Not sure why the distances are in miles. Either it's an old sign, or they get a lot of American tourists here.
8:30-9:40: Local Artisanal Platter from Two Goats and a Deli
No, we didn't have beers at 8:30 in the morning. The microbrewery (which we went to yesterday) also has a deli, so we came for breakfast.
Platter of locally-made cheeses, jams, pickles, and bread from Two Goats and a Deli. 70 rands each, including refills if you ask nicely. Highly recommended!
The peacock would make a fitting mascot for Nieu Bethesda — colorful, weird, impractical, and attractive.
9:40-12:00: Driving from Nieu Bethesda to Willowmore
Cape Town isn't the only place with a Table Mountain.
Off Nieu Bethesda's gravel and back onto paved roads, but still in the middle of the desert.
12:00-13:11: Pit Stop in Willowmore and Sophie's Choice
"Where the wind blows – Karoo"
Apparently the desert does weird things to your head. First Nieu Bethesda and now Willowmore is full of strange decorations that might give nightmares to people with too much imagination.
Kim had the quiche of the day, which came with plenty of veggies on the side. Yum.
13:11-15:52: Driving to and Through Meiringspoort Pass
The Meiringspoort Pass cuts narrowly through these mountains.
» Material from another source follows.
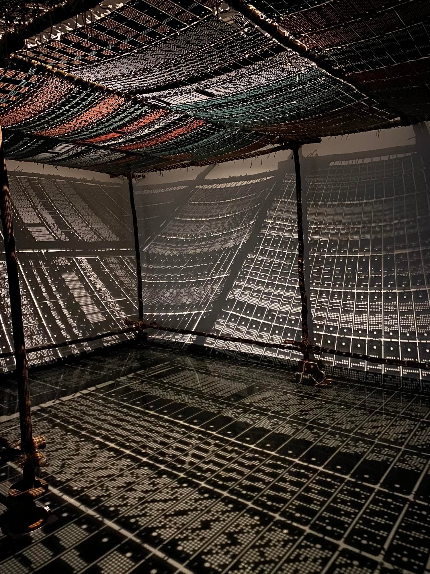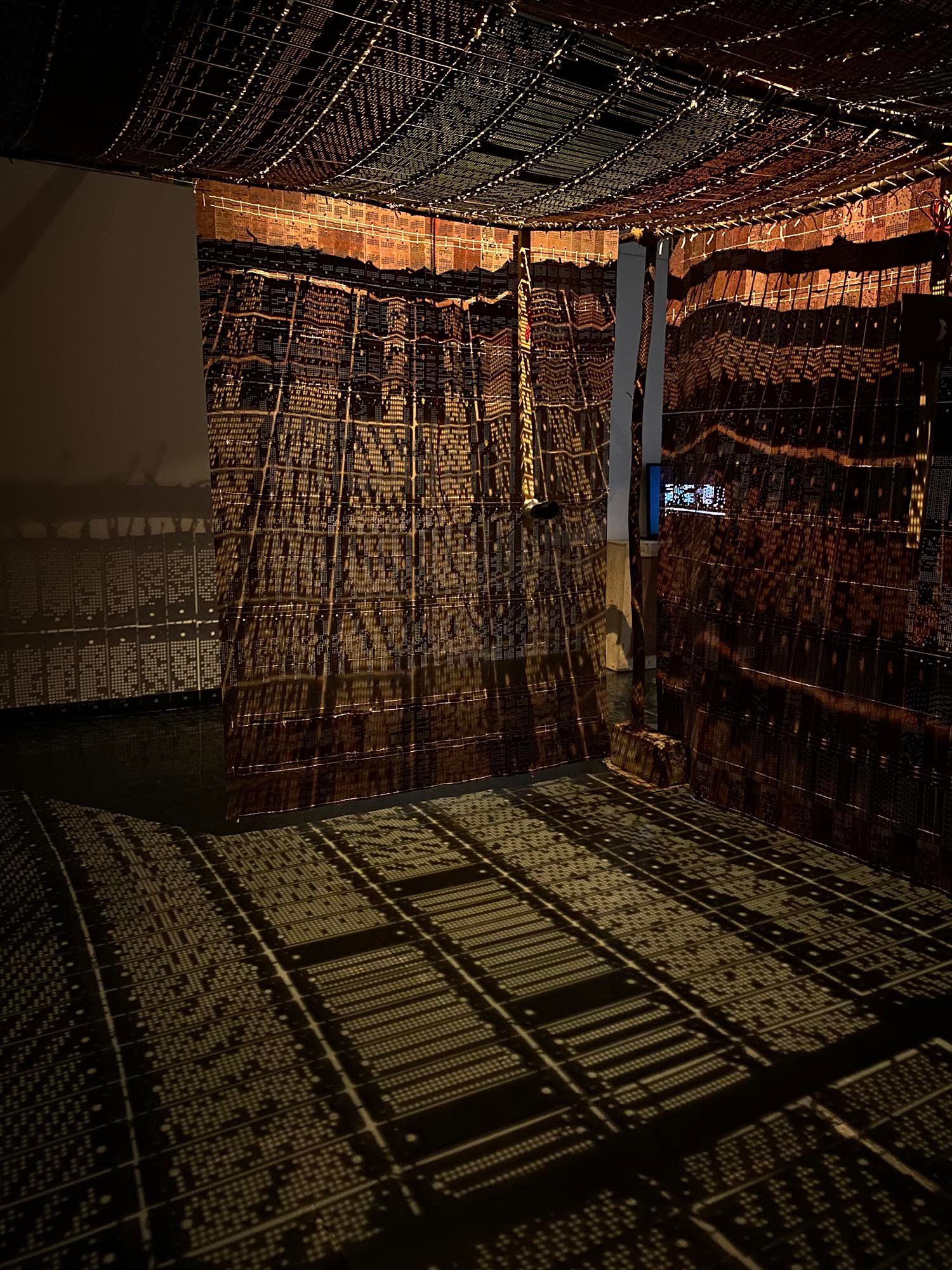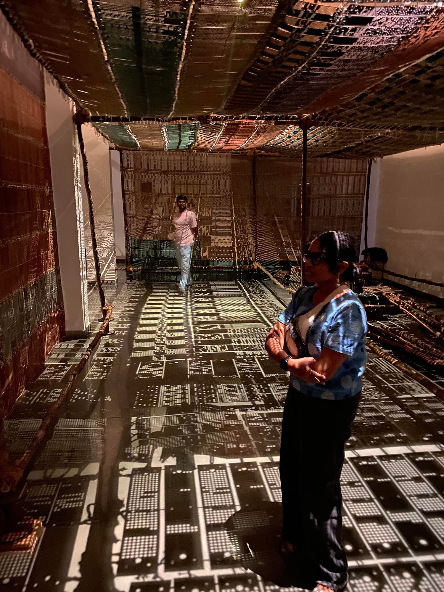 ಅನುಭವ ಇರುವ ನೋಡುಗನಿಗೆ ಈ ಕಲಾಕೃತಿ ತಕ್ಷಣಕ್ಕೆ ಮಲೆನಾಡಿನ ಚಪ್ಪರದ ನೆನಪು ಮಾಡಿದರೂ ಅಚ್ಚರಿ ಇಲ್ಲ. ಅದಕ್ಕೆ ಅತ್ಯಂತ ಹೆಚ್ಚಿನ ಸಾಮ್ಯತೆ ಇರುವಂತೆ ಹ್ಯಾಂಡ್ಲೂಮ್ ಕಾರ್ಡ್ಗಳನ್ನು ಬಳಸಿಕೊಂಡಿದ್ದಾರೆ. ಪ್ರತಿಯೊಂದು ಕಾರ್ಡ್ಗಳನ್ನು ಜೋಡಿಸಲು ನೇಯ್ಗೆಯ ವಿಧಾನವನ್ನೇ ಅನುಸೆರಿಸಿದ್ದಾರೆ. ಈ ಕಾರಣಕ್ಕಾಗಿ ಈ ಕಲಾಕೃತಿ ನೇಕಾರರಿಗೆ ಇನ್ನಷ್ಟು ಆಪ್ತ ಎನಿಸುವಂತಿದೆ. ವಿಭಿನ್ನವಾದ ವಿನ್ಯಾಸದಿಂದ ಕೂಡಿರುವ ಕಾರ್ಡ್ಗಳ ಮೇಲಿನ ರಂಧ್ರಗಳ ಮೂಲಕ ಬೆಳಕು ಹಾದು ಹೋಗುವಾದ ರೂಪತಾಳುವ ನೆರಳು ಎದುರಿನ ಗೋಡೆಯನ್ನು, ನೆಲವನ್ನು ರಂಗೋಲಿ ಮೂಲಕ ಅಲಂಕರಿಸಿದ ಭಾವ ಮೂಡುತ್ತದೆ. ಒಟ್ಟಾರೆ ನೆರಳು-ಬೆಳಕಿನ ಆಟವೇ ಒಂದು ಕಲಾಕೃತಿಯಾಗಿ ನೋಡುಗರ ಎದುರು ನಿಲ್ಲುತ್ತದೆ. ಅರ್ಚನಾ ಹಂದೆ ಅವರು ತಮ್ಮ ಈ ಕಲಾಕೃತಿ ಮೂಲಕ ಹೊಸ ಆಯಾಮದಲ್ಲಿ ನೋಡಲು ನೋಡುಗರನ್ನು ಚಿಂತನೆಗೆ ಹಚ್ಚುತ್ತಾರೆ.

A group of photographers we met in Nieu Bethesda told us we had to go through the pass, so we did…
The whole, windy 10 km through Meiringspoort pass is flanked by incredibly colored and formed sheer rock faces.
Even huge transport trucks look tiny compared to the cliff walls in the pass.
You have to stay alert because there's no way of seeing what's around each corner.
Some geologist needs to explain to us how the rock layers end up like this, going in all sorts of crazy directions.
Towards the Prince Albert end of the pass, we got out for a five minute walk to the Meiringspoort Waterfall.
Too bad it was too chilly to go for a dip.
By the waterfall we saw a rock hyrax, or "dassie" as it's called in South Africa, on guard, protecting its litter of 6 pups.
Out of the pass and approaching our destination of Prince Albert.
15:52-19:15: Hanging Out in Prince Albert
Nieu Bethesda, where we were this morning, is the sibling that drops out of school and moves to some random place to become a struggling artist. Prince Albert, where we ended the day, is the more "mature" older sibling who went to art school and got a decent job working for a museum.
The barn at Gay's Guernsey, with the mountains the Meiringspoort pass cuts through behind it.